This isn’t like you but you’ve never felt this much pleasure and desire in all your life. Nothing could’ve prepared you for the ecstasy that kissing and feeling him would give. You feel his desperation and desire for you, as he grunts and moans your name, aching to feel more, to do more. You want to live in this moment, and then live it everyday, just take him in and take everything and give him everything. 
But you should’ve known that some things are too good to be true. And much as you hope and imagine for things to turn out a certain way in belief that you deserve good things in this world, they don’t. Those don’t happen to people like you. There’s always something underneath it all, as the fantasy shatters like a glass ceiling breaking at his words.
“Stay, ___. Don’t leave,” he hums against you, the tip of his nose gliding against your neck as he takes in your scent. “Please don’t resign. I can’t… I—”
You feel frozen as you process what he’s said. “Wha-what?” You manage to ask, your mind slowly waking up now. 
His lips take a pause at devouring your skin and he faces you, his chest heaving and his eyes glassy and pleading as he repeats his words.
“Don’t leave, ___. Don’t resign. Stay with me. I need you next to me.” 
“Where is this coming from?” You demand, your heart racing now for a different reason, your anxiety building at how he could’ve known of your plans. You pull away to get a better look at him, with guilt now painting his eyes.
“I… I overheard you and Mr. Ri talking last night,” he admits shamefully. “I didn’t mean to. I was going to just walk away but you talked about leaving and what you feel about me and I just… I froze. I don’t want you to go anywhere, ___. I need you here.”
The silence drags on as you let his words settle, words you thought you wanted to hear. But not like this, you realize. This isn’t how you imagined he’d tell you he wants to be with you. 
He attempts to cup your cheek again but you pull yourself back, the rejection breaking him this time.
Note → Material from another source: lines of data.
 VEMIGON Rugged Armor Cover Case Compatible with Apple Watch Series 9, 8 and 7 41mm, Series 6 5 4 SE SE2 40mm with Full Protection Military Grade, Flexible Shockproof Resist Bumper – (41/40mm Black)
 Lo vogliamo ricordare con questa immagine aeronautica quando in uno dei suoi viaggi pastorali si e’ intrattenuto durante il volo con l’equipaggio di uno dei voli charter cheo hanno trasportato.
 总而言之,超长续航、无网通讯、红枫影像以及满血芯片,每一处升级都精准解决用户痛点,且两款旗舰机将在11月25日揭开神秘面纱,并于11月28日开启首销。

“You knew I wanted to kiss you last week,” you start, your voice shaking as the pieces fit together. “You knew yet you pulled away. You let a whole week pass with this distance, with no attempt from you to talk to me about it, or to even tell me what you feel but then you learn last night, after listening to a conversation you had no part in, that I like you. And tonight, you kiss me because suddenly you need me? Because you want me to stay next to you?”
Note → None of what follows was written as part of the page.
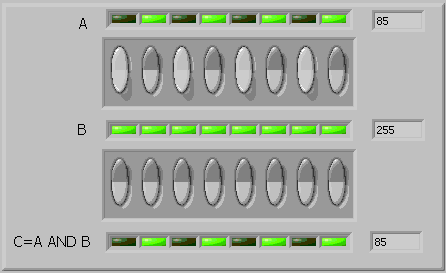 intreg fara semn pe 8 biti. Functia AND este folosita deseori pentru validarea anumitor biti. Se construieste o masca de biti (operandul B) si se seteaza cu 1
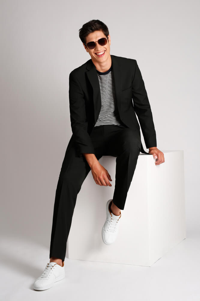 If a grey suit is your go-to number, pick out softer tones such as white or baby pink for the colour of your tee. Black brogues or even white trainers will keep the look fresh; remember to colour match your accessories too! If you are considering a navy suit, pair this classic number with a taste of vivid colours like mustard yellows and berry reds; otherwise, a subtle baby blue will do.

“I—” Jungkook starts, unable to say anything as you put it the way you do. 
He’s wanted you for so long and always had reasons to keep his distance. He tried to gain the courage to talk to you this week, even as you avoided him, but he didn’t. There was just so much fear, so much worry about what he should do, about you asking him to forget about it, about possibly pushing you away even more. He didn’t intend for things to happen this way but for you to think that he’s only doing this in an attempt to keep you from resigning is all kinds of wrong, even if in hindsight, that’s exactly what it looks like. He could’ve said something earlier, he could’ve told you what he felt, and he would’ve been brave enough if he really wanted to. 
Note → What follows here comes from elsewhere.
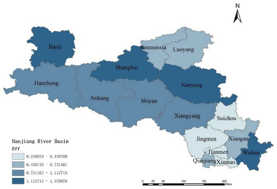 From the perspective of the watershed, the spatial distribution of agricultural eco-efficiency in the HRB is as follows: upstream > middle reaches > downstream (Figure 2). The average efficiency in the upstream, middle, and downstream areas is 12.15, 9.40, and 6.67, respectively. Among them, from the perspective of input-output factor redundancy, the reason for the lowest agricultural eco-efficiency value in downstream cities is analyzed. Tianmen City, Xiantao City, and Xiaogan City have a high degree of redundancy in energy input. Insufficient utilization of diesel can lead to energy waste and environmental pollution, which create dual pressure on the local economy and environment. Since 2016, the state has actively implemented crop seed subsidies, direct subsidies for grain farmers, and comprehensive agricultural subsidies (called “three subsidies”) for farmers, which mobilized production enthusiasm and eased economic pressure [48]. However, there is serious spatial differentiation of agricultural eco-efficiency in the HRB, with generally high efficiency in the upper reaches and serious agricultural land, air, and carbon pollution problems in the lower reaches. Based on the analysis of the data in this study, it appears that cities in the upper HRB use fewer inputs of agricultural production materials, such as agricultural films, pesticides, and mechanical power. This may be due to the rugged terrain in the upper reaches and the different grain cultivation structure between the middle and lower reaches, with a higher proportion of corn and a lower proportion of rice in the upper reaches of the HRB. At the same time, the large number of laborers employed in the cities also directly leads to a decrease in agricultural efficiency [49]. And the downstream cities, such as Suizhou, Jingmen, Tianmen, and Xiantao, have not yet undergone any fundamental changes in their highly resource-intensive agricultural operations, and there is a lack of green production and low-carbon technologies. Therefore, in 2018, the country launched the Han River Ecological Economic Belt Development Plan, which aims to promote the high-quality development of the ecological economic belt in the middle and lower reaches.

“You knew how I felt and you kissed me so I’d stay,” you repeat. “You hate change and me leaving will change everything for you and this… this is how you make sure I don’t.”
Stepping down from the desk, you realize how much you’d lost yourself in him, with your skirt bunched up and your blouse all creased. You fix yourself, suddenly ashamed, and suddenly unsure where you stand. It took so much of you to admit what you felt for him and now it seems that he hadn’t been into you the way that you thought. 
You want him with you, but he wants you here, that’s the difference. 
“I… want you,” Jungkook says, the words suddenly hard for him to say, as he gets choked up at the distance you’re creating. “I guess I always have. I just couldn’t do anything because I had to be professional and there were boundaries I couldn’t cross. But I couldn’t help it. Those don’t matter to me anymore. Only you do.” 
His pleading eyes ask you to believe him, to understand him this time. But your silence and the way you look at him in disappointment tell him it’s not something you’re able to do. 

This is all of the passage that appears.